After a long, relentless winter where I walked the same steps almost daily with Maelle, spring settled in. Like the changing weather, so too had that path I walked. The snow and the ice began to melt, making way for green grass and the buds of flowers starting to grow on the tree branches hanging over our heads next to the path. Our layers were replaced by spring jackets and rubber boots. By the end of May, Maelle was walking, so instead of putting her in the stroller, we would walk hand in hand to that little park. The changes that came along with the changing season were mirrored in my own personal season of motherhood. A melting of ice that made way for a better, more vibrant, newer kind of motherhood. I was more comfortable and more at ease with the job. I was connected to my child and settled into a routine that took care of both of our needs. I was becoming a better version of the mother I once was while being able to let go of the unrealistic vision of what I thought motherhood would be. It may have taken a lot longer and we traveled a lot less distance but we always ended up at that little park. That little playground of hope and potential.
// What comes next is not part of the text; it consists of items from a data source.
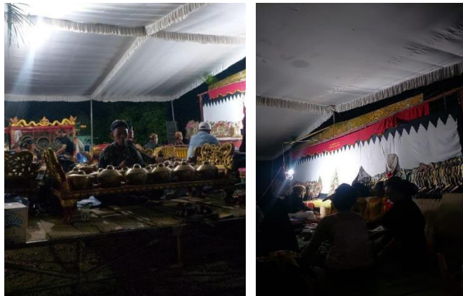
Gambar 21 Membantu Acara Wayang di Kediaman Pak Kades
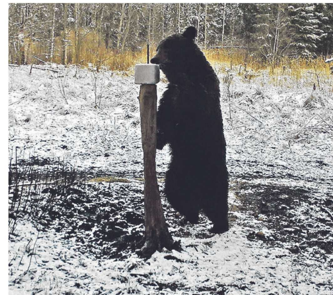
Karu Võrumaal soola mekkimas.

Kui karu ikkagi rünnab, tuleb pikali heita, kätega pead ja kaela kaitsta ning teeselda surnut. Jooksma ei ole mõtet hakata. Mõmmik on igal juhul kiirem.
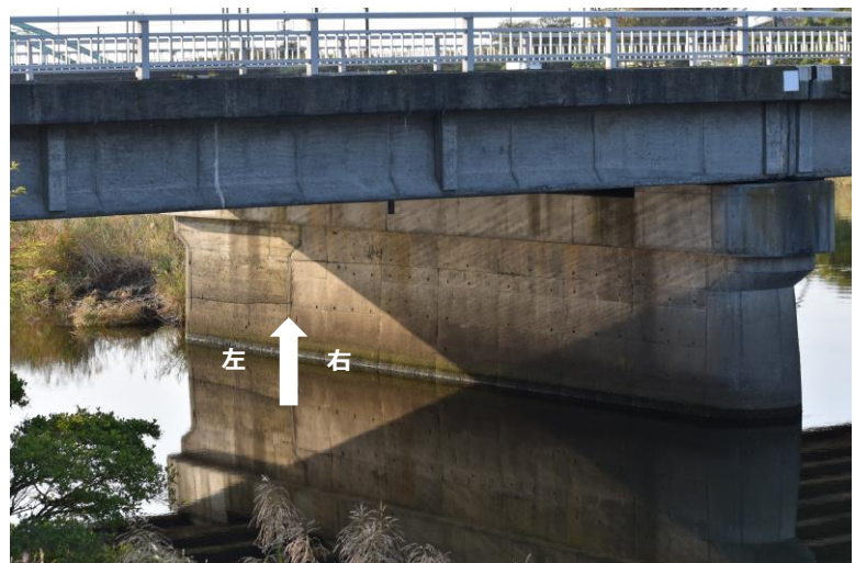
来福橋の橋脚（令和元年10月撮影）

まちを歩いていると、この橋のように過去から現在に至るまでの変遷をたどることができる場所が市内に多くあります。
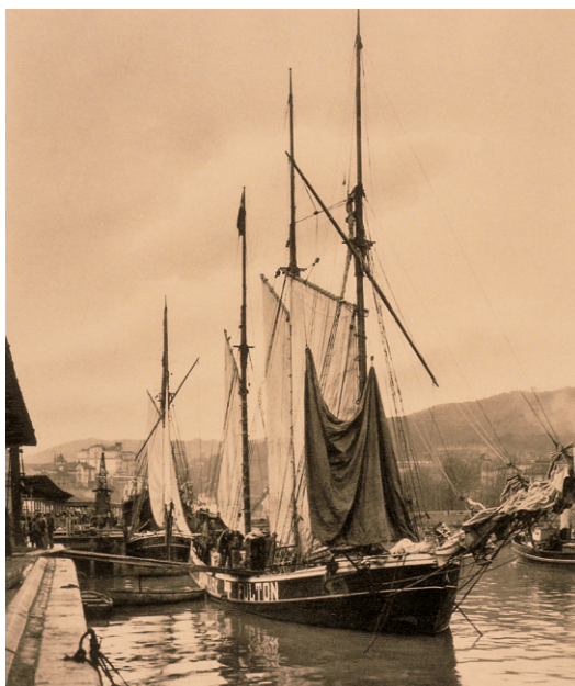
Abb. 6 FULTON im Hafen von Bilbao, 1916.
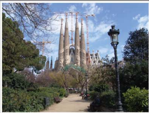
Víkend pro dvě osoby v Barceloně
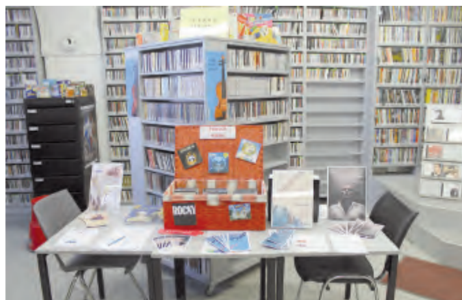
M-centrum je ale především zásobárna dobré hudby a klidný koutek pro malé besedy.

V letošním roce slaví Krajská knihovna Vysočiny 15 let od svého vzniku. V lidském životě patnáct let znamená, že z malého miminka dítě dospěje v pubertáka s vlastní občankou.
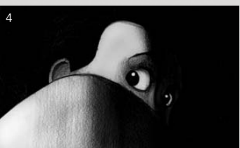
4. Peur(s) du noir / VVAA

In the months and years that followed (prior to us moving homes), I continued to walk to that park countless times. That park saw some of my favourite memories. From pushing each of the kids on the swing for their first time to watching each of them toddle around as they played in the rocks. We met new people and forged unforgettable bonds with some of our best friends at that park. We rode scooters and bikes down the path to the playground and held picnic playdates. And, when I would see new moms walking the path, stopping at the same park with the tell-tale signs of new motherhood all over them (bags under their eyes, milk stains on their shirts, maternity coats that didn’t quite fit right) all I could think was “this season will pass, the sun will shine again - I promise.” Because, quite frankly, that is life. The time goes on and the seasons fall away to new ones. And if there is one thing that tiny park taught me, it is that the path to motherhood changes as you go. Motherhood is unforgiving in its capacity to continually knock you down. When you finally feel like you have a sense of rhythm and a feeling of comfort, life shifts, the wind blows, and the seasons change again. There is no mastery to be achieved in motherhood. Rather it’s learning to cope with the changing tides and being confident enough to know that you are doing your very best in spite of it all.